From a survival perspective, burning muscle is actually a better option. Let me explain why. Every pound of muscleyou retain will cause your body to burn approximately 50 calories a day, while stored body fat, doesn’t place any such demand. Since covering long distances doesn’t tax your strength capacity in a meaningful way, if it did, you wouldn’t be able to sustain it for more than a minute or two; you aren’t forcing your body to maintain muscle mass.

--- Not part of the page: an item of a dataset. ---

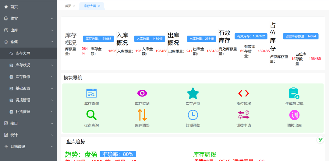 货物吞吐量等关键指标,助力管理人员全局把控入库环节效率与状态。
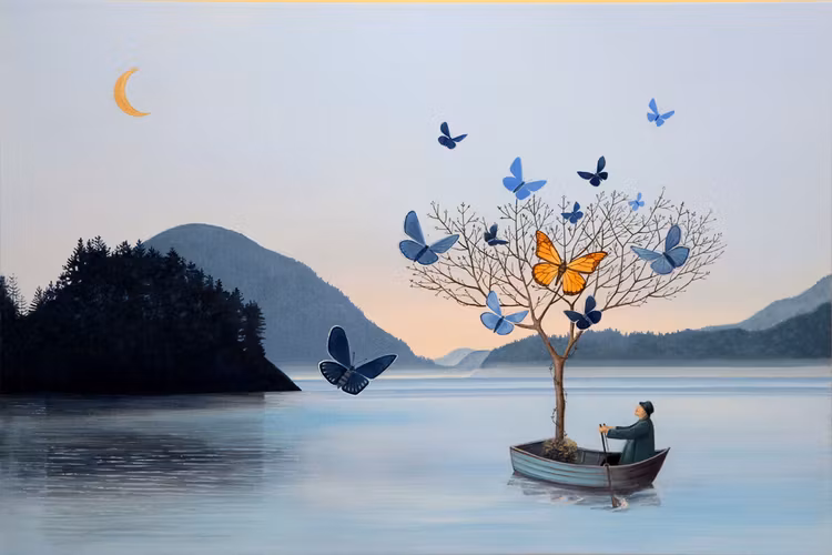 Ett så vackert kort med den lilla båten som sakta glider fram genom vattnet i sällskap av de underbart vackra fjärilarna.

Without strength training to mandate your need to maintain your calorie burning muscle mass, you will become a smaller, weaker version of your former self. A useful analogy is two ships crossing an ocean. Each ship has the same weight capacity limit. The loads at your discretion are the crew and provisions. The first ship is asailboat that allows you to have a small crew. The second ship is a trireme with three banks of oars to help propel the ship. It requires a much larger crew, forcing you to sacrifice provisions. In this analogy, the ship is your body, the crew your muscles, and the provisions your body fat.The wind driven sailboat is your low intensity cardio training, and the trireme is your high intensity strength training. From a survival perspective, the sailboat would be the better of the two options since you will be able to carry more provisions for the journey and you’ll have fewer crewmen eating those provisions. Your body would rather maintain body fat and sacrifice muscle much the same way to survive a famine, which is how your body perceives a calorie restriction.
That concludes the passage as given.